Gemini 2.5 Flash-Lite is the smallest and most cost-effective model, built for at-scale usage.

  • Model code: gemini-2.5-flash-lite
  • Input token limit: 1,048,576
  • Output token limit: 65,536

Standard API Costs (Tier 1, per 1M tokens):

  • Input price (text, image, video): $0.10 (text / image / video), $0.30 (audio)
  • Output price (including thinking tokens): $0.40
  • Context caching price: $0.025 (text / image / video), $0.125 (audio), $1.00 / 1,000,000 tokens per hour (storage)
  • Grounding with Google Search: 1,500 RPD (free, limit shared with Flash RPD), then $35 / 1,000 requests

Batch Mode Costs (Tier 1, per 1M tokens):

  • Input price (text, image, video): $0.05 (text / image / video), $0.15 (audio)
  • Output price (including thinking tokens): $0.20
  • Context caching price: $0.025 (text / image / video), $0.125 (audio), $1.00 / 1,000,000 tokens per hour (storage)
  • Grounding with Google Search: 1,500 RPD (free, limit shared with Flash RPD), then $35 / 1,000 requests

Rate Limits (Tier 1):

  • RPM (Requests Per Minute): 4,000
  • TPM (Tokens Per Minute): 4,000,000
  • RPD (Requests Per Day): No published rate limits
  • Batch Enqueued Tokens: 10,000,000

Gemini Embedding

Gemini Embedding is the newest embeddings model, more stable and with higher rate limits than previous versions.

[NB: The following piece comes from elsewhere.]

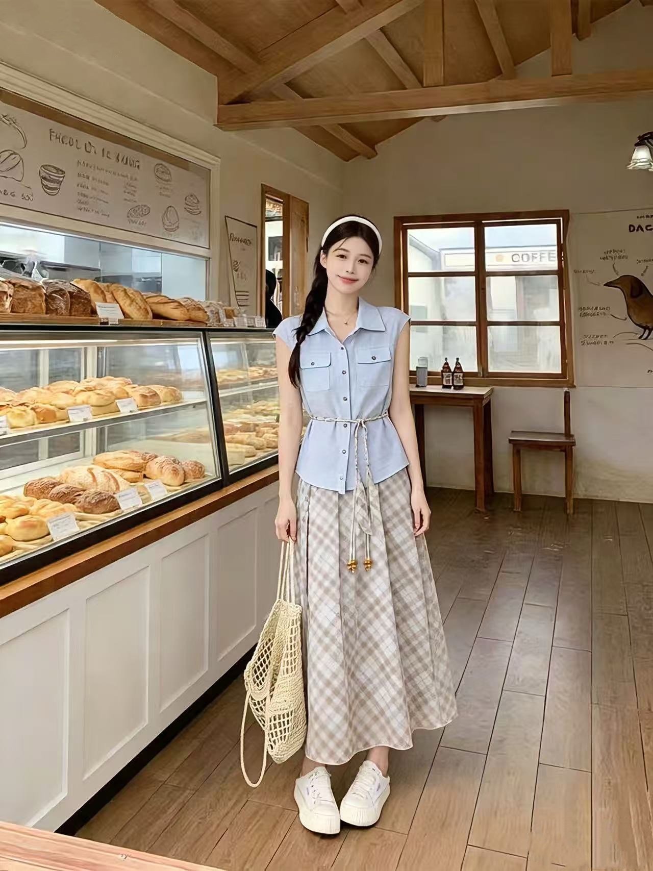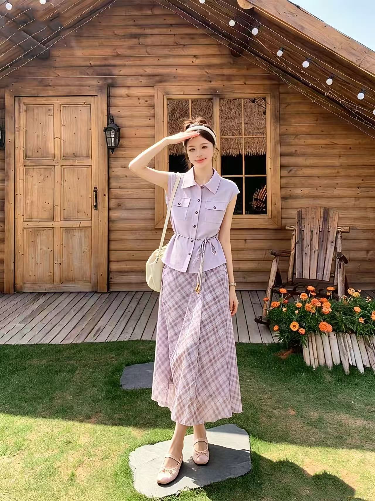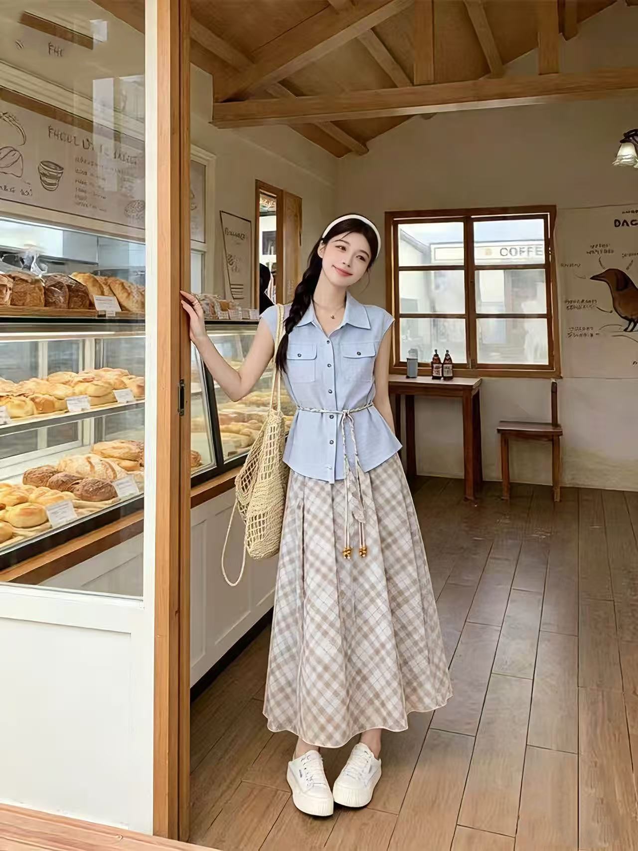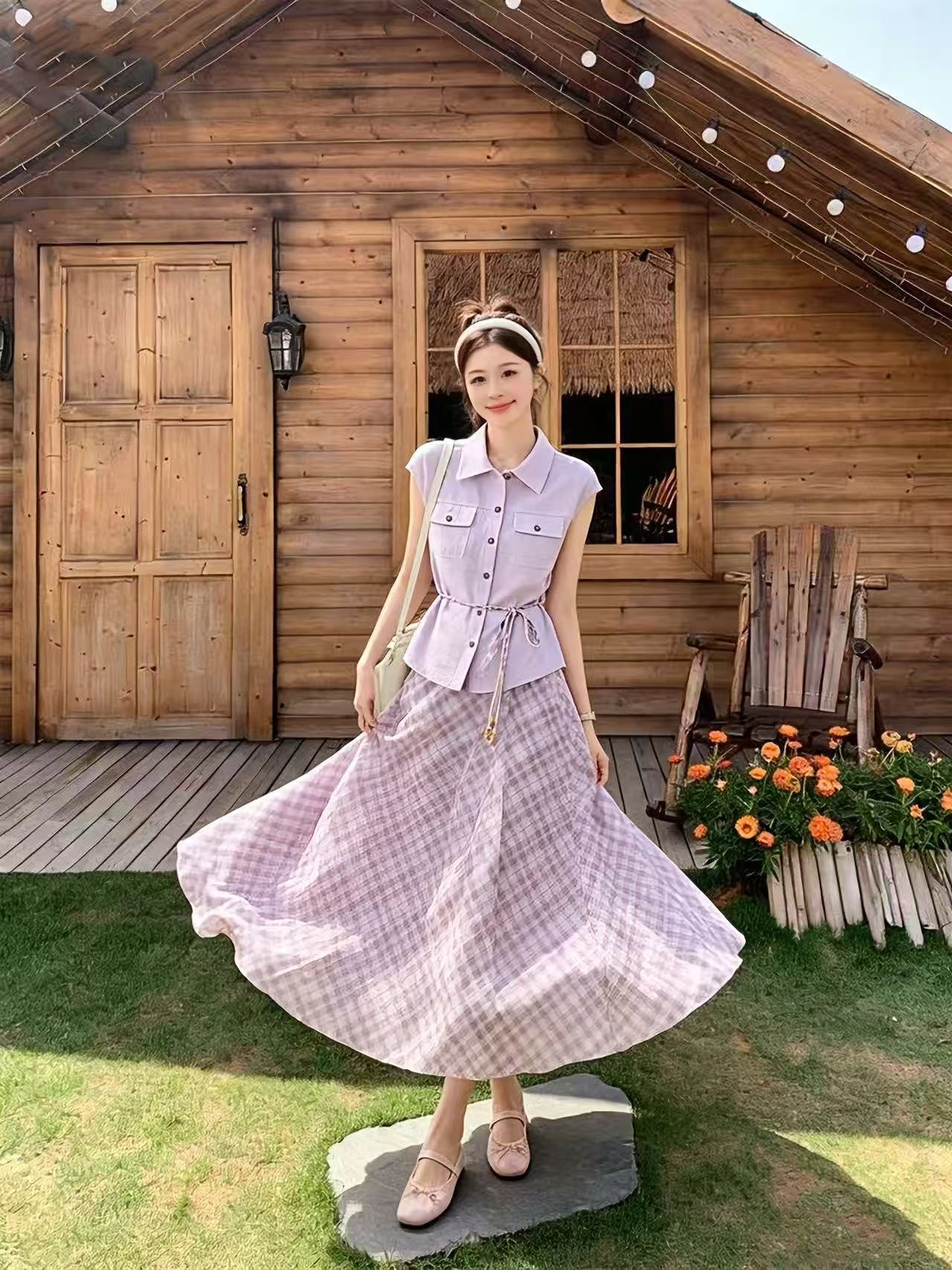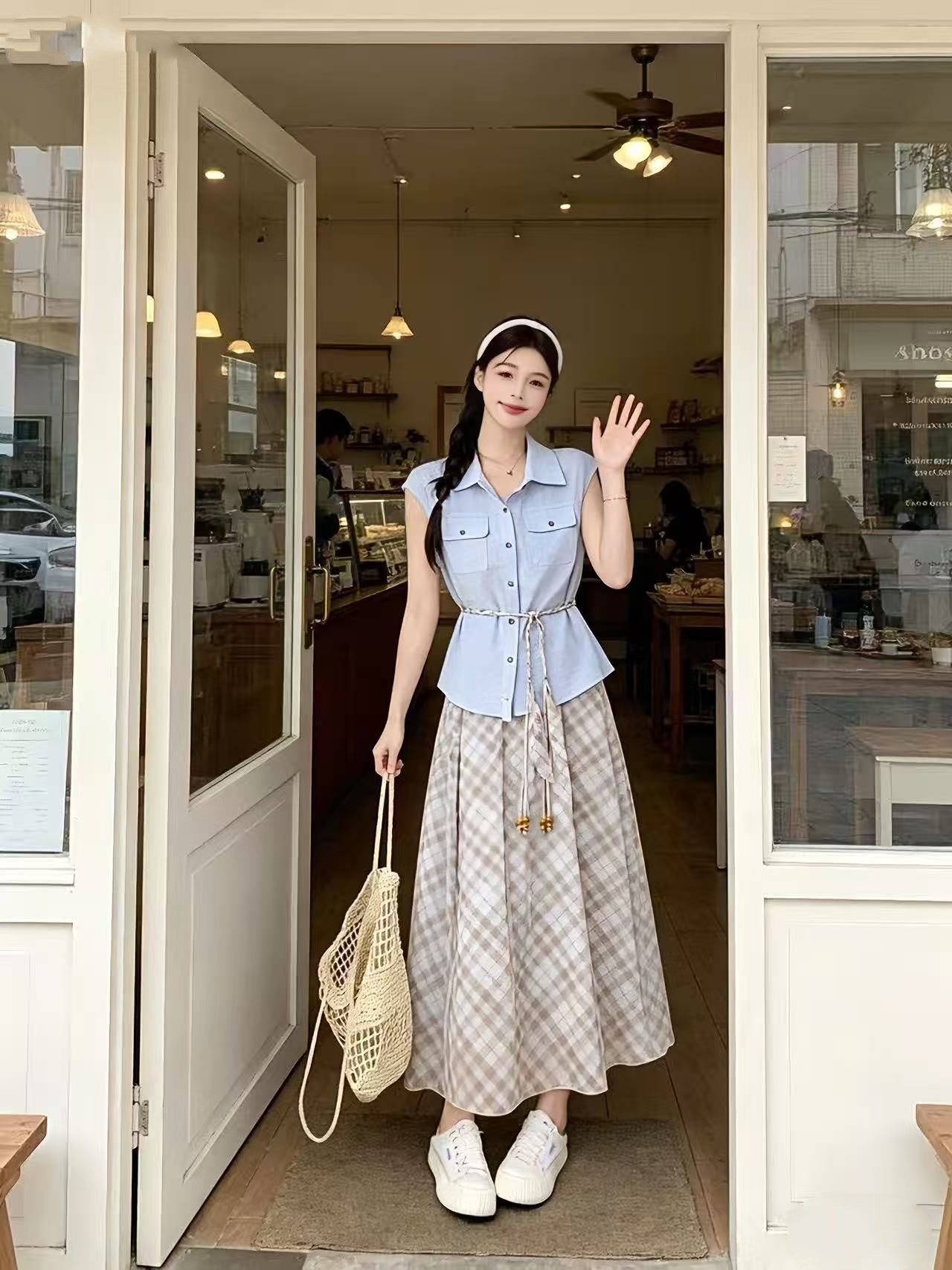 RY3695# 法式轻熟风套装裙女2026夏新款大码气质翻领衬衫格纹半身裙两件套

  • Model code: gemini-embedding-001
  • Input token limit: 2,048
  • Output: Text embeddings (Flexible dimension size: 128 - 3072, Recommended: 768)

Standard API Costs (Tier 1, per 1M tokens):

  • Input price: $0.15

Batch Mode Costs (Tier 1, per 1M tokens):

  • Input price: $0.075

Rate Limits (Tier 1):

  • RPM (Requests Per Minute): 3,000
  • TPM (Tokens Per Minute): 1,000,000
  • RPD (Requests Per Day): No published rate limits
  • Batch Enqueued Tokens: No published rate limits

Batch Mode Details

Batch mode requests have their own rate limits, separate from non-batch API calls.

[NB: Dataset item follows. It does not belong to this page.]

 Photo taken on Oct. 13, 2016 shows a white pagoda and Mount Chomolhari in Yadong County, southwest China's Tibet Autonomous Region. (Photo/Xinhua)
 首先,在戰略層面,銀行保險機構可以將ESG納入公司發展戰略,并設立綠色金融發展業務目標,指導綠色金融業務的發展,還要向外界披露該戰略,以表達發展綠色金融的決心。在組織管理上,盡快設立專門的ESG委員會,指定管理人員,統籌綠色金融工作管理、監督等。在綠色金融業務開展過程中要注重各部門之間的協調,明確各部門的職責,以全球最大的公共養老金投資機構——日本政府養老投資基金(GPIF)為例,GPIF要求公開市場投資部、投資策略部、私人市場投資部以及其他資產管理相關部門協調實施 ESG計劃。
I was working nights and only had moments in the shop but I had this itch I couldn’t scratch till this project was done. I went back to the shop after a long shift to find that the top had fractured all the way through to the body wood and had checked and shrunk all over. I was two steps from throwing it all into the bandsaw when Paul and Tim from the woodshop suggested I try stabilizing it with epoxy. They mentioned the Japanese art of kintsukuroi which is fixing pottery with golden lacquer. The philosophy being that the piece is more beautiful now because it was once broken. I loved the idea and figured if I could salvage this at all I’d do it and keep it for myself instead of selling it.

  • Concurrent batch requests: 100
  • Input file size limit: 2GB
  • File storage limit: 20GB
  • Enqueued tokens per model: The "Batch Enqueued Tokens" in the rate limits tables above represent the maximum number of tokens that can be enqueued for batch processing across all your active batch jobs for a given model.